Here, there is no showing whatsoever that petitioners agreed to pay the redemption price on or before 11 November 1994, as allegedly set by Mrs. San Diego’s husband. On the contrary, their act of filing their complaint on 09 November 1994 to declare the nullity of the foreclosure sale is indicative of their refusal to pay the redemption price on the alleged deadline set by the husband. At the very least, if they so believed that their loan obligation was only for ₱1,000,000.00, petitioners should have made an offer to redeem within one (1) year from the registration of the sheriff’s certificate of sale, together with a tender of the same amount. This, they never did.
It must be remembered that the period of redemption is not a prescriptive period but a condition precedent provided by law to restrict the right of the person exercising redemption. Correspondingly, if a person exercising the right of redemption has offered to redeem the property within the period fixed, he is considered to have complied with the condition precedent prescribed by law and may thereafter bring an action to enforce redemption. If, on the other hand, the period is allowed to lapse before the right of redemption is exercised, then the action to enforce redemption will not prosper, even if the action is brought within the ordinary prescriptive period. Moreover, the period within which to redeem the property sold at a sheriff’s sale is not suspended by the institution of an action to annul the foreclosure sale.9 It is clear, then, that petitioners have lost any right or interest over the subject property primarily because of their failure to redeem the same in the manner and within the period prescribed by law. Their belated attempts to question the legality and validity of the foreclosure proceedings and public auction must accordingly fail.
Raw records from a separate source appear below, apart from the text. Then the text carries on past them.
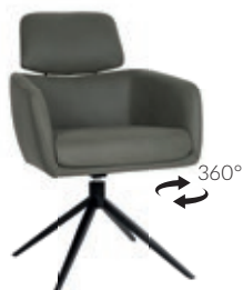
Glatt Bein: Sparkfuss, Stahl Schwarz mit Drehfunktion
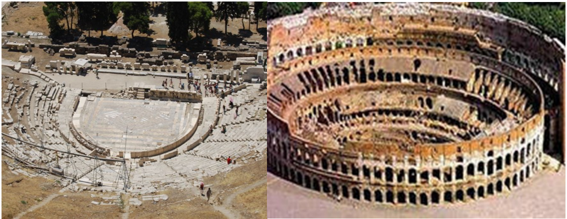
Italiyadagi Kolizey teatri V-IV asr

XIX asrning birinchi yarmida vujudga kelgan romantik yoʻnalish teatrda gumanistik ideallar va koʻp hollarda hayotiy orzularning yoritilishiga olib keldi. Dramada taqlidgoʻylikdan iborat klassitsizmga qarshi oʻziga hos milliylik, xalqchilik, tarixiylik va ijtimoiy adolat uchun kurash ohanglari keng quloq yoydi.
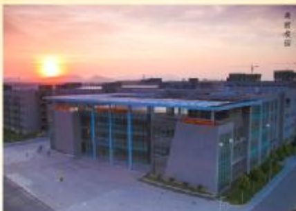
落日余晖映校园
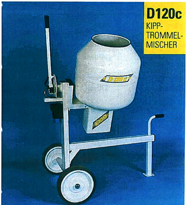
D120c KIPP- TROMMEL- MISCHER
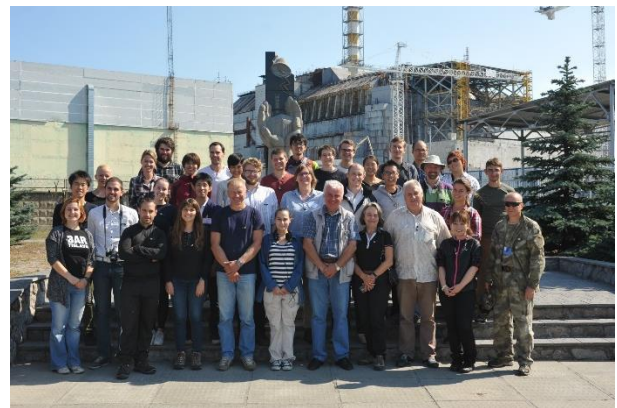
写真 6 原子力災害海外特別実習 (平成 28 年度 チェルノブイリ原子力発電所に て)
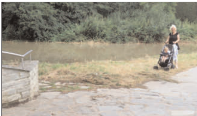
Bewundern Sie den "neuen" Weiher am Apfelweinbrückchen! Oder?
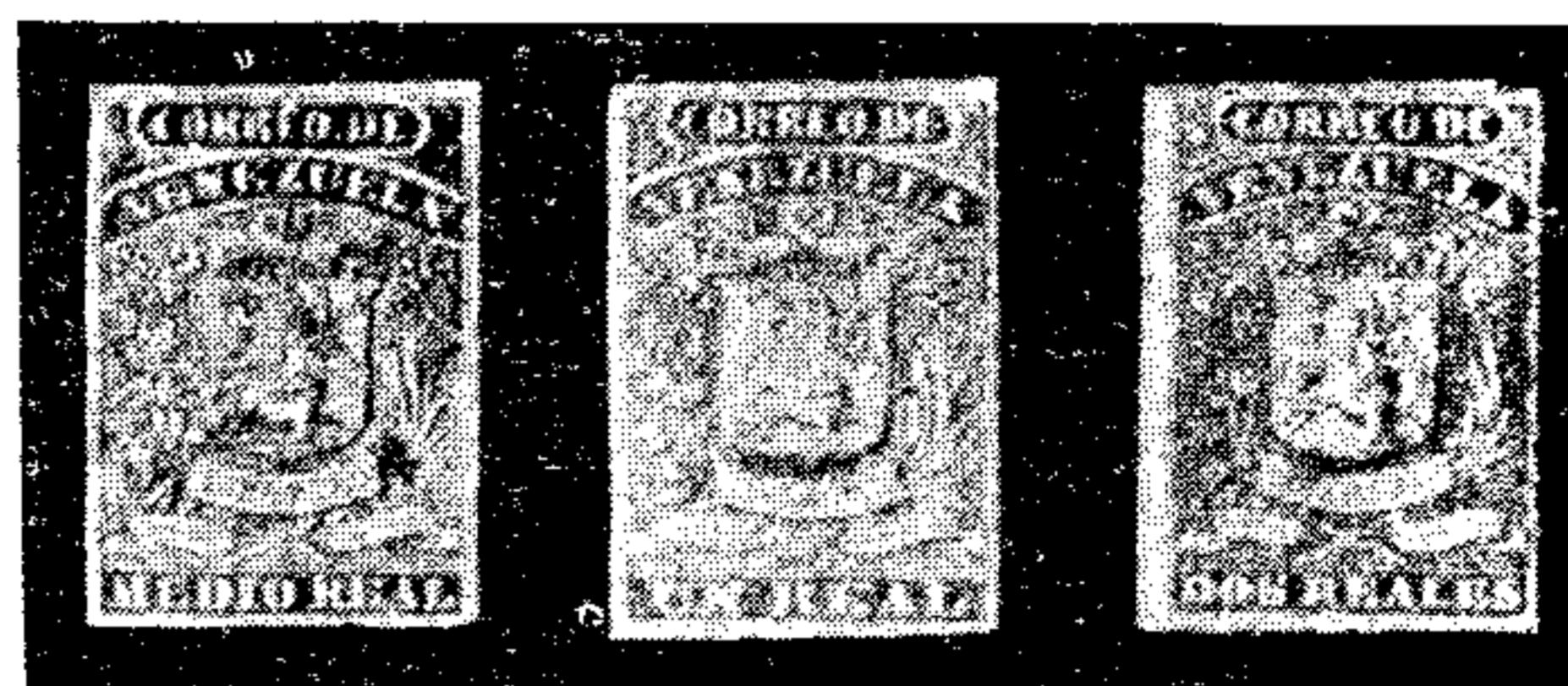
Primera serie de valores postales emitida en 1858.

El 27 de agosto de 1860 se firmó un convenio postal con EE.UU. de Norte América y en junio de 1861 otro con Gran Bretaña, a consecuencia de la cual se ajustaron los contratos sobre navegación marítima. En 1863 nombróse Director General de Correos al general D. Federico Uslar . En 1867 se celebró otro convenio postal con Inglaterra y en 1869 se reformó la Ley de Correos.

WHEREFORE, the instant petition is DENIED and the challenged decision and resolution of the Court of Appeals AFFIRMED.
No pronouncement as to costs.
SO ORDERED.
Panganiban, (Chairman), Sandoval-Gutierrez, and Carpio-Morales, JJ., concur.
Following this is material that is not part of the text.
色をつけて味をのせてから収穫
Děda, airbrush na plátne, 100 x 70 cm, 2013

Corona, J., on official leave.
Footnotes
1 Penned by then, now a member of this Court, Associate Justice Consuelo Ynares-Santiago, with then Associate Justices Bernardo Ll. Salas and Demetrio G. Demetria, concurring.
2 Rollo, p. 28.
3 Ibid.
4 State Investment House, Inc. v. Court of Appeals, 215 SCRA 734 [1992] citing Commodity Financing Co., Inc. v. Jimenez, 91 SCRA 57 [1979] and Bicol Savings and Loan Association v. Court of Appeals, 171 SCRA 630 [1989].
5 Agbulos v. Alberto, 5 SCRA 790, [1962]; Salazar v. Meneses, 8 SCRA 495 [1963]; Reyes v. Noblejas, 21 SCRA 1027 [1970]; Quimson v. Philippine National Bank, 36 SCRA 26 [1970]; Gregorio Limpin v. Intermediate Appellate Court, 166 SCRA 87 [1988]; Eastman Chemical Industries, Inc. v. Court of Appeals, 174 SCRA 619 [1989]; Bernardez v. Reyes, 201 SCRA 648 [1991]; and Union Bank of the Philippines v. Court of Appeals, 357 SCRA 12 [2001].
6 Article 13. When the law speaks of years, months, days or nights, it shall be understood that years are of three hundred sixty-five days each; months, of thirty days; days, of twenty-four hours; and nights from sunset to sunrise.
If months are designated by their name, they shall be computed by the number of days which they respectively have.
In computing a period, the first day shall be excluded, and the last day included.
7 Memorandum for the Petitioners dated 26 February 1999.
8 31 SCRA 329 [1970].
9 Fundamentals of Redemption in Extra-Judicial Foreclosures, 140 SCRA 368 [1985], citing De Connejero, et al. v. Court of Appeals, et al., L-21812; Castillo v. Samonte, L-13146, 30 June 1960; Daga v. Tomacruz, 58 Phil 414; and Sumerariz v. Development Bank of the Philippines, 21 SCRA 1374.